JNOV's (JMOL's after a jury verdict for lawyers of a newer vintage) are always longshots. To prevail on such a motion "a party must show that the jury’s findings, presumed or express, are not supported by substantial evidence or, if they were, that the legal conclusion(s) implied by the jury’s verdict cannot in law be supported by those findings." Pannu v. Iolab Corp., 155 F.3d 1344, 1348 (Fed. Cir. 1998) (cleaned up). It's always noteworthy (or so we bloggers tell ourselves) when one succeeds.
This is especially true in NexStep, Inc. v. Comcast Cable Communications, LLC, C.A. No. 19-1031-RGA, D.I. 371 (D. Del. May 12, 2022), where the plaintiff actually presented expert testimony on the point in question and still lost the JNOV. The issue there was the doctrine of equivalents and whether a process which required several button presses infringed claims that required a single button press under the DOE. the plaintiff's expert walked through the classical function, way, result test with ... mixed results:
Q. It’s the same function – I’ll just help you out here. So it has the same function and it’s a legal doctrine and so we have to go through it. Okay? Can you explain to the jury why it’s done in substantially the same way?

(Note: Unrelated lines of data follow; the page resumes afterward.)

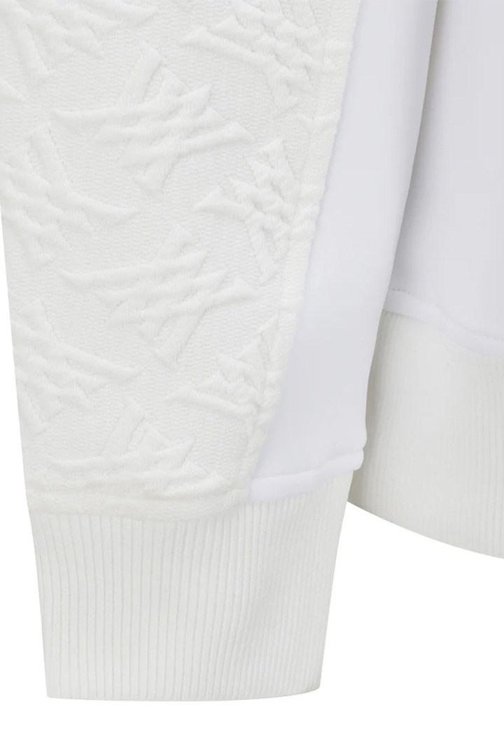 立体感のあるロゴエンボスパターンに目を惹くクルーネックスウェット。柔らかな肌触りの素材を使用し、快適な着心地を実現しました。サイドや袖口に異素材を組み合わせることで、シンプルながらも奥行きのあるデザインに仕上がっています。リブ仕様の裾や袖口がフィット感を高め、シルエットをすっきりと見せてくれるのも魅力。カジュアルなデイリースタイルからスポーティーなゴルフシーンまで、幅広く活躍する汎用性の高い一枚です。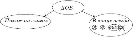Опасный момент: непопадание рамки в паузу. Это довольно редко бывает, но это надо учесть. – Сколько здесь пауз? ![]() 1. «Самолетик» – слово? – Да. 2. Самолетик какой? 3. Отвечать всей фразой: пригибаемый лучом. Ответ в рамки! Рамка попала в паузу только в одном месте: после слова «лучом». А после слова «задымился» осталась пустая пауза. ![]() Пауза – союз – рамка. Рамка важнее паузы: она для этого и ставится, чтобы на ней ставить запятые. А паузу эту мы сейчас легко проверим, заодно проверив остаток («голова-хвост»): уберем правый. ![]() Типы правых (сокращение количества позиций). ![]() «Дом» – слово? – Да. Дом какой? Который скоро пойдет на капремонт. Проверка: Дом расселили ![]() «Город» – слово? – Да. Город – какой? Где родился писатель. Проверка: город стоит на Волге. ![]() «Мы» – слово? Да. Мы какие? – нет ответа. «В рощу» – слово? – Да. В рощу какую? Влажную от дождя. ![]() «Хозяйское» – слово? – Нет. «Дочка» – слово? – Да. Дочка какая? Девочка лет 16. Проверка: хозяйская дочка принесла чай. ![]() «Короткая» – слово? – нет. «Борода» слово? – да. Борода какая? Немного темнее волос Проверка: короткая борода украшала его лицо: и т. д. В грамматике ШП все эти модели – разные: 1 – сложноподчиненные предложения с придаточным определительным; 2 – тоже придаточное определительное; 3 – обособленное согласованное определение; 4 – обособленное распространенное приложение; 5 – обособленное несогласованное определение и т. д. Неважно. Все это – правые обороты. Здесь решают: 1. Паузы! и 2. Вопрос типа «какой?». И главное: правый (от «слова») едет жестко вправо – то есть вперед! У него нет заднего хода! Задача I. Счет на слух всех правых. Задача П. 1. Считать паузы. 2. Писать, ставить паузы и рамки в момент письма. (Текст «Придорожная сторожка».) Глава 15 Деепричастный оборот (ДОБ) Для контроля пауз тебе очень понадобится ДОБ. В программе БП и в ПРП мы разделили все запятые на 2 группы: правый оборот и все остальные. Так вот: «все остальные» отличаются от правого, но между собою ведут себя одинаково: так, как ДОБ. Значит, он нам очень важен. И прежде всего тем, что там есть паузы! Не было бы пауз – не было бы и ДОБов.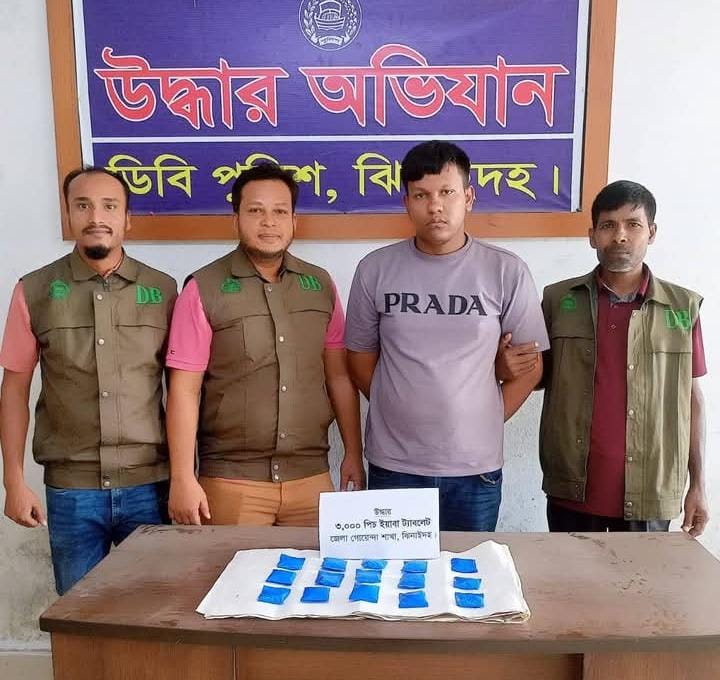 ঝিনাইদহে তিন হাজার পিস ইয়াবাসহ মাদক ব্যবসায়ী আটক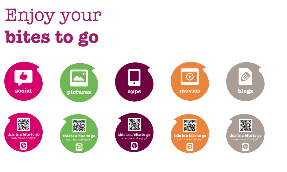 Dit laatste is mogelijk door een QR code te scannen waarna je mee wordt genomen naar een mobiele site: Bites to go. Hier vind je elke dag weer een nieuw filmpje, een leuke blog of een foto die een glimlach op je gezicht tovert en de vaak oneindige NS-trip wat verzacht.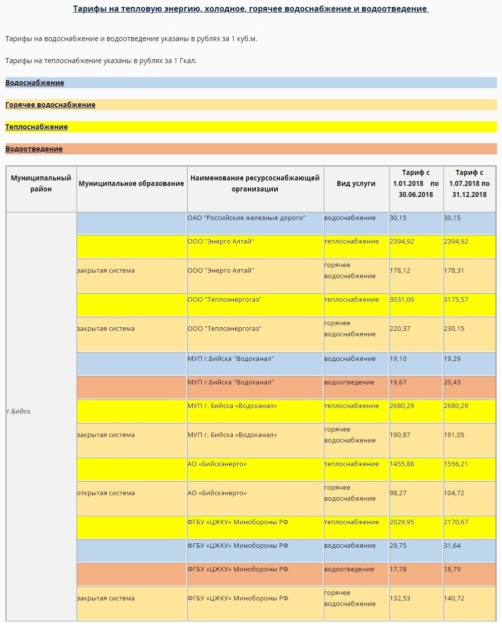 Тарифы горячая вода бийск

A. Well, it’s done in the same way in that the stuff is all kept up in the cloud for the purpose of doing this and it’s going to go and diagnose it using the home gateway and it’s going to solve my problem without me having to go through and put in my model numbers and all of that stuff. So it’s really literally using – using this Concierge as more of a – somebody to give authorization than to do the actual function. I’m not down there in the machine room, you know, putting instructions into a computer to make it do each of these things.
Q. And can you explain why the single action achieves substantially the same result?
A. Yeah, the result is that this thing is going to be restarted, refreshed, whatever is going to have to happen with it without me having to tangle with understanding all of the issues of being an IT professional or whatever it takes to get this thing up. And so it’s going to come with a result of my modem working, you know.
Id. at 9-10 (quoting D.I. 347 at 383:25–385:9).
Characterizing this testimony as "word salad," Judge Andrews held that it failed to provide the required link between the actual claims of the patent and the allegedly infringing process and left the jury "to its own imagination on the technical issue of equivalency." Id. at 13 (quoting Malta v. Schulmerich Carillons, Inc. 952 F. 2d 1320 (Fed. Cir. 1991)). He ultimately granted the JNOV on no infringement under the DOE granting the defendant a complete victory on this claim.